Sidiq Koya, the NFP leader, was expected to become Prime Minister.

Instead, the Governor-General, Ratu Sir George Cakobau, called on Mara to form a caretaker government, pending new elections scheduled for September. The events that led to his decision, and his reasons for it, are still mired in controversy, with different parties involved telling different versions of the situation, and conspiracy theories have abounded. What is known is that a leadership struggle immediately following the election seriously fractured the NFP. It failed to name a Cabinet for three days, and a crisis began to develop. A prominent NFP parliamentarian, Jai Ram Reddy, wondered aloud on national radio whether his party was ready to form a government, and whether it would in fact be able to do so. Ratu Mara claimed in his 1996 autobiography, The Pacific Way, that NFP politicians had approached him and asked him to remain in office, but with an NFP Cabinet; he claimed to have refused.

Some accused Jai Ram Reddy of sabotaging the formation of a government in order to challenge Koya for the leadership of the party, which he did successfully once NFP had been divided and Koya had been weakened in support.
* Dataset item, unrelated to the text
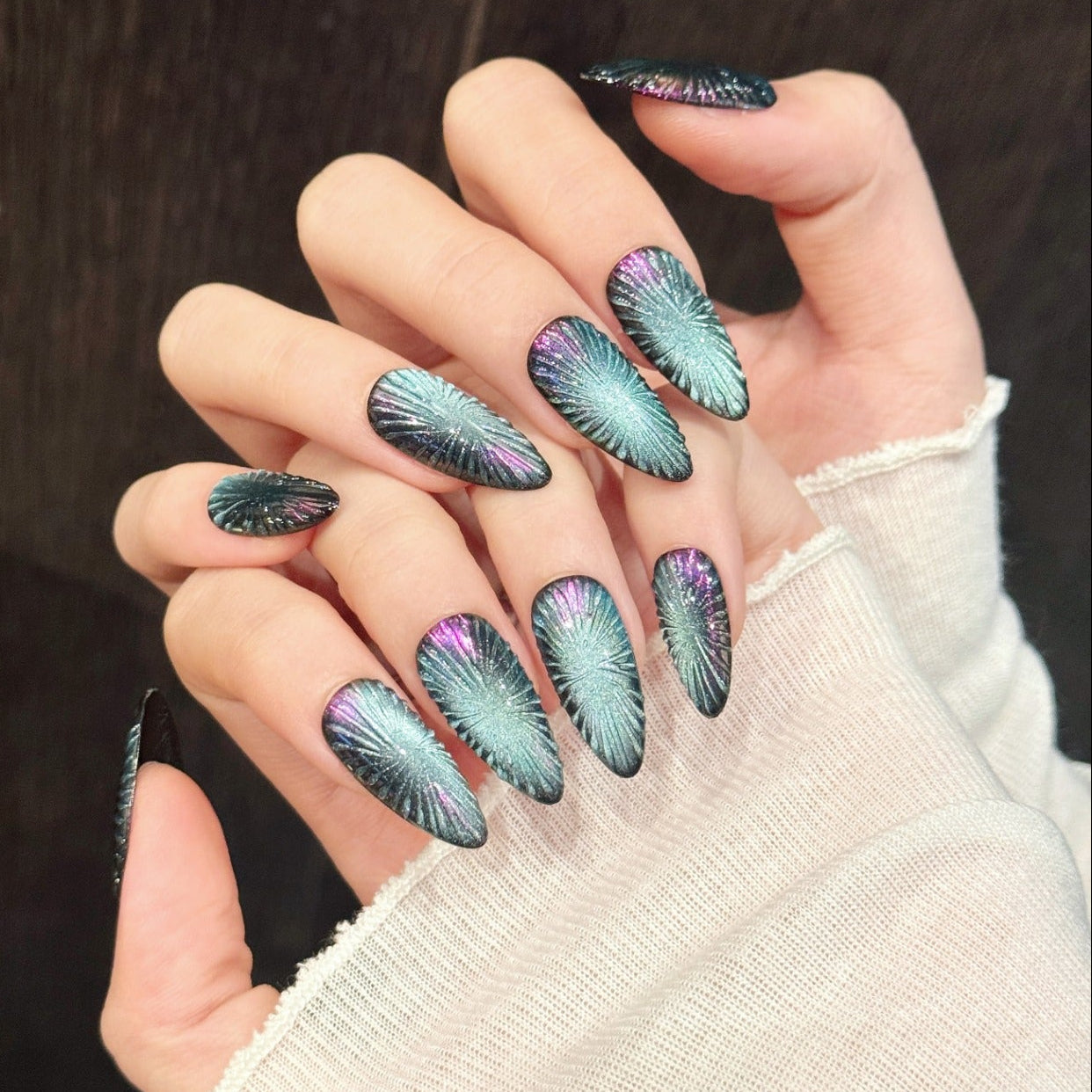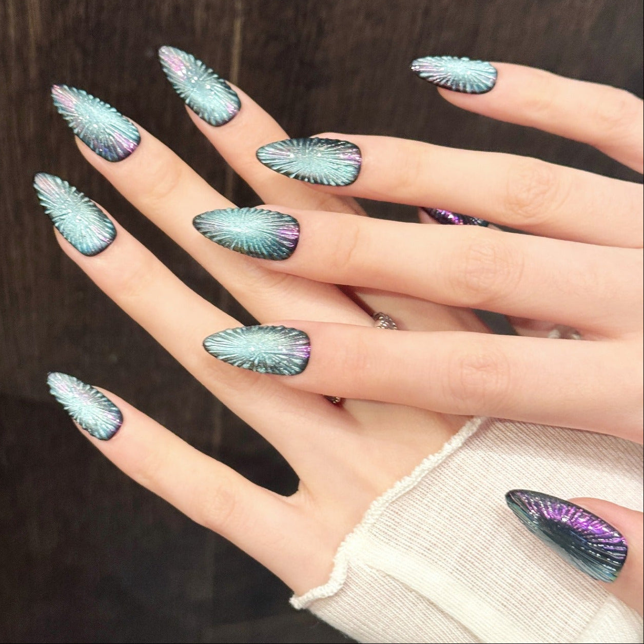 We specialize in bold, long, statement press-on nails - distinctive, expressive, and unapologetically eye-catching.

Other possible traitors within the NFP were also named. Fiji Labour Party leader Mahendra Chaudhry claimed in his 2004 book, "Children of the Indus", that parliamentarians Chand Ramrakha and Irene Jai Narayan had betrayed their own leader by telling the Governor-General that not all NFP caucus members would support Koya for Prime Minister. "There is also some basis to the story that Karam Ramrakha and Irene Jai Narayan had informed Ratu Sir George secretly that Koya did not enjoy the support of all NFP parliamentarians. Regrettably, at the hour of his triumph Koya had been stabbed in the back by his own people," he wrote. Ramrakha, now a lawyer based in Sydney, Australia, sued for defamation, saying that the claim was false and had damaged his reputation but was unsuccessful.

Others, both in Fiji and abroad, accused the Governor-General, a high chief in the Fijian chiefly hierarchy, of deliberate bias, and took his usurping of a popular election to preserve the government of his fellow-chief (and distant cousin), Ratu Mara, as an indication that the indigenous Fijian elite would not tolerate an Indo-Fijian-led government. Proponents of this theory point to the coups of 1987 and of 2000, both of which toppled governments dominated or led by Indo-Fijians, as evidence of their belief. Whether this controversial opinion is true or not, few doubt that Ratu Sir George Cakobau was pleased to be able to reappoint the government dominated by indigenous Fijians.

In a public statement, Ratu Sir George Cakobau defended his actions thus:

In the recent general election, the people of Fiji did not give a clear mandate to either of the major political parties. It therefore became the duty of the Governor-General under the Constitution to appoint as Prime Minister the Member of the House of Representatives who appeared to him best able to command the support of the majority of the Members of the House. The Governor-General has not been able to act sooner as it was not until this afternoon that he was informed who had been elected leader of the National Federation Party. The Governor-General, after taking all relevant circumstances into account, has come to the firm conclusion that the person best able to command support of the majority of the Members is the Leader of the Alliance Party, Ratu Sir Kamisese Mara. In compliance with the Constitution and acting in his own deliberate judgment the Governor-General has accordingly appointed Ratu Sir Kamisese as Prime Minister.

The September election called to resolve the impasse resulted in a landslide win for the Fijian Alliance, which remained in power for another decade.